2.1 Communication Inside Operators: \(Q_{op}\)

An operator is defined by a type that describes its computational task (e.g., \( Type = \) Add, Conv, MatMul, Relu, etc.). It takes tensors as input and produces tensors as output. We denote \( Type .\mathcal {D}_P=\{D_0,D_1, \ldots D_k\}\) the set of PPDs for each type of operator. Each PPD can be converted to the partition dimensions of all the tensors in an operator. We denote \(d_0,d_1,...\) the dimensions of a tensor. For example for the \( MatMul \) (Matrix Multiplication) operator \( MatMul .\mathcal {D}_P=\{i,k,j\}\). The two input tensors are respectively of \(i\times k\) and \(k\times j\) dimensions and the output tensor is of \(i \times j\) dimension.
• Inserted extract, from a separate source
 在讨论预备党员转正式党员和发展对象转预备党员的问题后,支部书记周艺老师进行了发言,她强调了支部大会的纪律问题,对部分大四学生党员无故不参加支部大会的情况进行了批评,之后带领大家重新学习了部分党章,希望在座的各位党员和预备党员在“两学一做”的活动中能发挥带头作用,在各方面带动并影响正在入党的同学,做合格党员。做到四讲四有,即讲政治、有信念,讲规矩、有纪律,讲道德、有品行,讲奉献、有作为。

As shown in Fig. 2 (bottom), PPD i corresponds to partition the first input tensor and output tensor along \(d_0\) and the second input tensor along either \(d_0\) or \(d_1\).
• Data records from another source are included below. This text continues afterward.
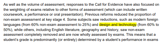 Our fourth and final extract is in the context of volume of assessment, where the report plays back an existing fact to us as the reader, which is that GCSE D&T previously had a different balance of assessment, which was 60% coursework and 40% written examination (or as I call it, the good old days). It further states that this previous balance would have seen less reliance on the terminal examination for a students final grade, with more assessment value attributed to a student’s performance at different points across the course. This is nothing insightful, purely factual. There is a little negative comment linked to this section also, which is that some responses to the interim report felt that terminal written examination “may not give students the opportunity to fully demonstrate their capabilities”. This infers that coursework might be a better assessment method to help students demonstrate their capabilities in D&T, though we do not have this comparison data to hand of course.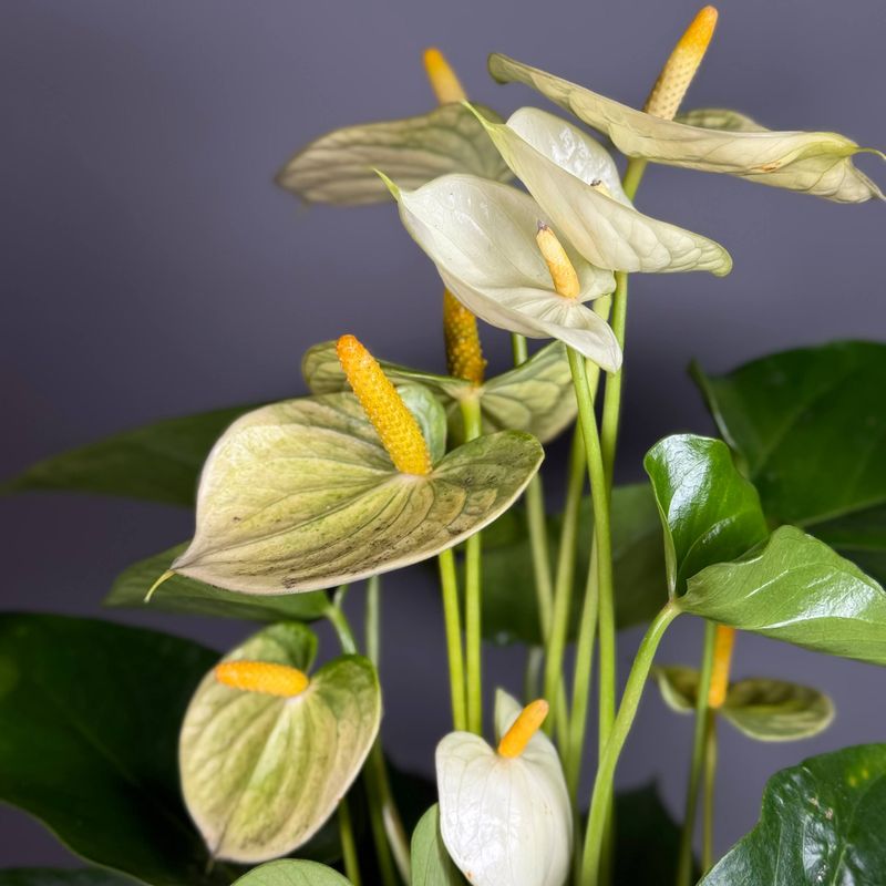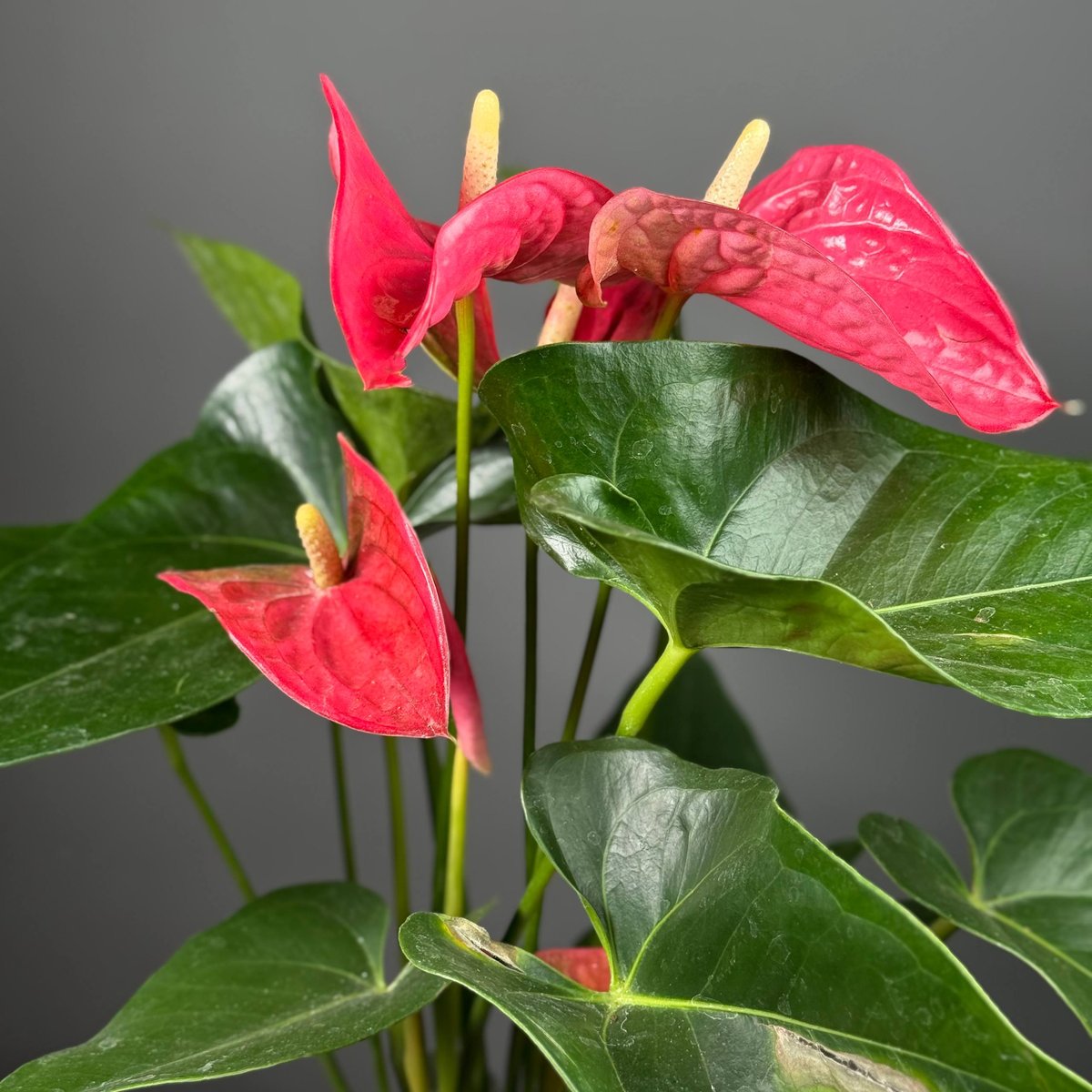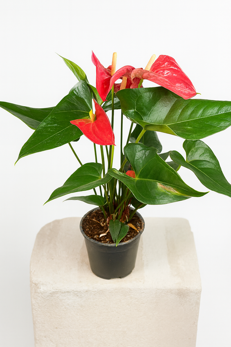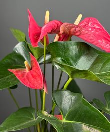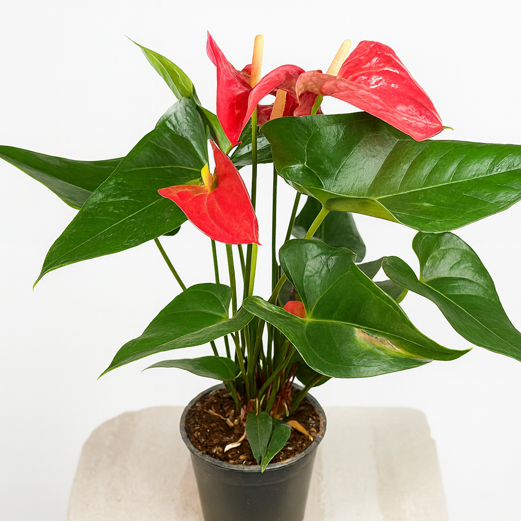 Антуриум — эффектное комнатное растение, которое сразу привлекает внимание яркими «восковыми» цветами и плотной, насыщенно-зелёной листвой. Это растение выбирают, когда хотят добавить интерьеру выразительности и создать ощущение ухоженного, стильного пространства. Антуриум долго цветёт, выглядит дорого и всегда становится акцентом в комнате или офисе.
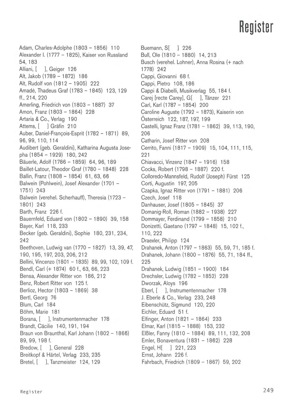 Danhauser, Josef( 1805- 1845) 37Domanig- Roll, Roman( 1882-1938) 227Dommayer, Ferdinand( 1799-1858) 210Donizetti, Gaetano( 1797-1848) 15, 102 f.,110, 222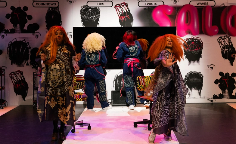 Seit Generationen treffen sich Schwarze Menschen in Schönheitssalons, um sich die Haare machen zu lassen, Haarprodukte zu kaufen und über vergangene und aktuelle Ereignisse zu sprechen. In «Beautysalon» versammeln sich vier Schwarze Menschen in einem Friseursalon und verwandeln diesen in einen Safer Space, einen Nachrichtenspot, eine politische Plattform, in einen Ort der Beratung und der Flucht vor Rassismus. Während neue Frisuren gemacht werden, erzählen sie sich Geschichten über die Schwarze Schweiz. Dies ist ihr Raum, dies sind ihre Geschichten. Das Stück greift Themen wie Mikroaggressionen, kulturelle Aneignung und die Dekonstruktion von Schönheitsstandards auf und erzählt Geschichten von Identität, Empowerment und Widerstand.

We define the following notions:

  • \( shape(tensor) \)   denotes the shape of a tensor (e.g., \( shape (t)={[}4;4{]}\)).

  • \( shape(D) \)   denotes the shape of a PPD of an operator (e.g., \( shape (i)=4\)).

  • \( shape(d) \)   denotes the shape of a dimension of a tensor (e.g., \( shape (d_0)=4\)).

  • \( input_{n} \)   denotes an input tensor according to its index.

  • \( Q_{op}(D) \)   denotes the \( Q_{op} \) of a PPD where \( Q_{op}(D) = Q_{f}(D) + Q_{b}(D)\).

  • \( Q_{redist}(d, d') \)   denotes the operator’s \( Q_{redist} \) from the partition dimension d of its tensor and another dimension \(d'\) of the its connected operators’ tensor.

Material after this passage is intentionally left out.